For those who are following "Vendetta," I'm still working on it, but I don't want to post any more until I'm ready to post the complete story -- so when you see it again, you'll know that you won't have to wait any more. Thanks for your patience! In the meantime, a little something that was inspired by a comment Cheryl Heuton made about Charlie . . .

Q is for Quiet
By BeckyS
July 2006

Too much noise. In my head, I mean. There's so much stuff rattling around inside my brain sometimes that adding anything from outside is too much. It's like shining a light on a person with a hangover. Like ringing a bell next to a person with a migraine. It's too much. It hurts.

Don says I'm overreacting. He says I should just tune it out, like always. Dad just smiles and tries to be quiet, but he lives in the house, too. And he worries if I don't eat or sleep on his schedule.

I lean my elbows on the desk in my office, try to rub the headache from my temples. I can feel the tide rising. I have to get out. I have to get somewhere else. I have to get away from my students, my classes, departmental meetings, FBI cases, my family, my friends, my colleagues . . . I have to get away before I destroy every relationship I care about.

They try to be tolerant. "Charlie's just . . . that way," they say. But I hear the shades of hurt in their voices.

A brochure appears on the desk in front of me.

"Charles," a soft voice says. "A cabin in the woods. DSL internet. Meals provided and picked up three times a day. Hiking trails. A stocked refrigerator. A mountain stream and lake nearby."

I look up and see my good friend and mentor, Larry Fleinhardt. How did he know?

"I've made a reservation for you starting tonight, for a week, Amita and I will cover your classes, Don's agreed not to call you on any cases, and your father packed a bag for you."

I feel the tension begin to bleed from my shoulders.
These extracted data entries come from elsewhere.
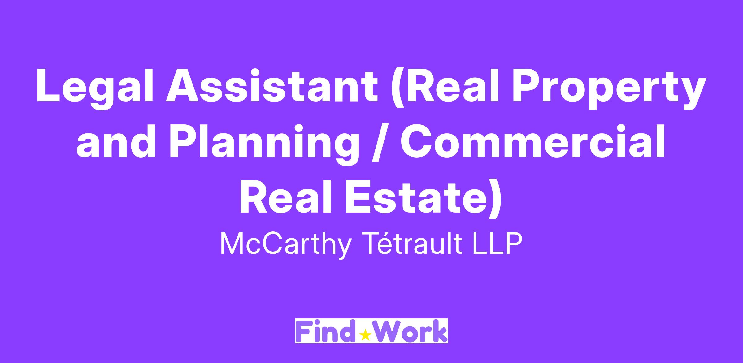 As a Legal Assistant (Real Property and Planning / Commercial Real Estate), you will be:
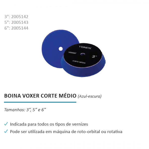 Boina Voxer Corte Médio foi desenvolvida para remoção de defeitos moderados.
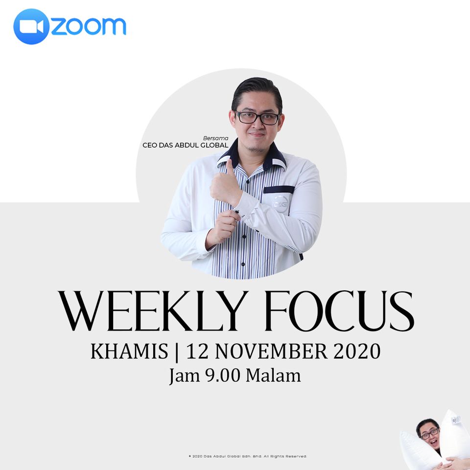 Zoom Weekly Focus yang diadakan setiap Khamis, dikendalikan secara personal oleh Tuan Das dengan penyertaan usahawan DAG secara maya.
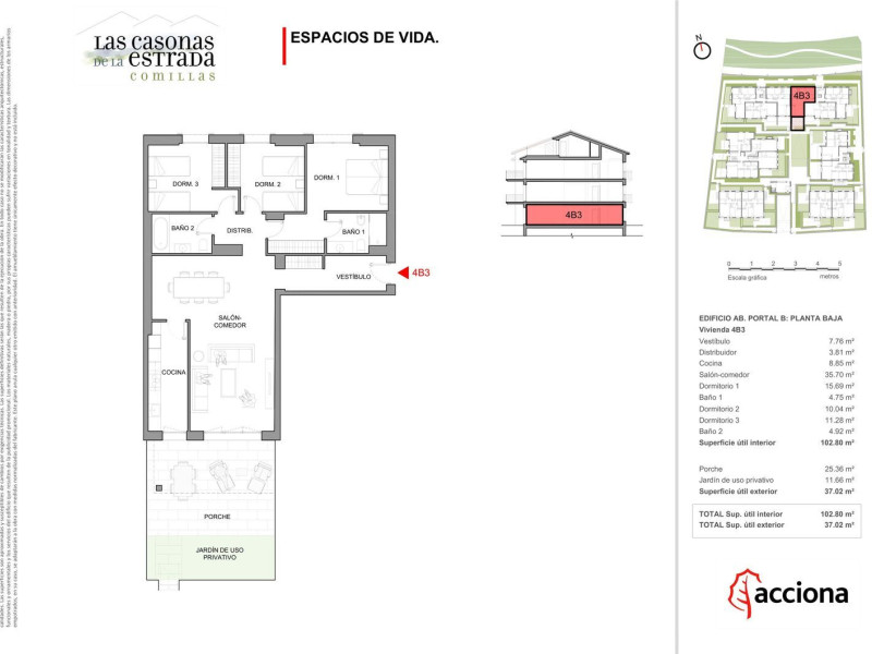 Las Casonas de la Estrada CantabriaVIVIENDAS PLURIFAMILIARES DE 2 A 4 DORMITORIOS A POCOS METROS DEL CAMPO DE GOLF Y DE LA PLAYALas Casonas de la Estrada es un exclusivo complejo urbanístico de alto nivel cerca del corazón de Comillas, con vistas a los Picos de Europa, a un paseo de la playa y cerca del campo de golf. Un residencial único compuesto por 40 viviendas plurifamiliares de diferentes tipologías donde disfrutar de la naturaleza espectacular de Cantabria.La ubicación de Las Casonas de la Estrada es inmejorable, ya que se encuentran en la Avenida Joaquín Ortiz de Zárate a escasos metros del Real Club la Estrada y el campo de golf Rovacías Golf. Junto al camino de Ruiseñada, están bien conectadas tanto con el centro del pueblo, a escasos 5 minutos a pie, como con la playa de Oyambre.Las viviendas han sido concebidas con un diseño arquitectónico que permite integrar el exterior con el interior gracias a sus amplias terrazas y jardines privados, y cuentan con detalles sumamente cuidados: materiales nobles, cocinas totalmente equipadas y los últimos avances en eficiencia energética. El complejo ofrece un cuidado paisajismo exterior con amplios jardines comunes en los que se utilizan plantas autóctonas.ACCIONA certifica que este proyecto ha sido desarrollado siguiendo los más altos estándares de sostenibilidad y eficiencia energética, empleando materiales de primera calidad y con la última tecnología para garantizar la eficiencia energética, el cuidado del medio ambiente y la reducción del consumo en suministros:- Calificación energética A- Punto de recarga para vehículo eléctrico- Placas solares- Certificación sostenibilidad BREEAMLas Casonas de la Estrada se ubica en una zona urbanística muy cerca del centro de Comillas, en la Avenida Joaquín Ortiz de Zárate a escasos metros del Real Club la Estrada y el campo de golf Rovacías Golf. Junto al camino de Ruiseñada, está bien conectado tanto con el centro del pueblo, a escasos 5 minutos, a pie de la playa.Un residencial para disfrutar de la montaña y la playa en armonía con la naturaleza.

I can almost see the shadows of my family and friends behind him. I blink hard, chasing back a sudden wetness.

"Go," he says. "Work it out of your system, out of your head. I'll call you in five days to see if you need more time."

"Larry—" I choke out.

"People think being a genius must be a wonderful gift," he muses.

Sometimes it is, I think to myself, but others . . .

"But it doesn't come without a price, does it?"

"No," I answer. "And too many times it's you and Amita and Dad and Don who pay."

He kneads my shoulder. "But you pay most of all. Go. No guilt, my friend. Just go and work in peace, quiet and solitude."

I went, I worked, I ate when I needed to, walked when I had a bad spot to figure out, and slept whenever I fell into bed. I had insight after insight flooding my brain, and the numbers flowed like the cascades of water over the rocks in the river.

And when I came back seven days later, it was to a huge barbecue in the backyard and all my friends greeting me with shouts of welcome. But it didn't bother me because, as noisy as it was outside, my mind was finally quiet.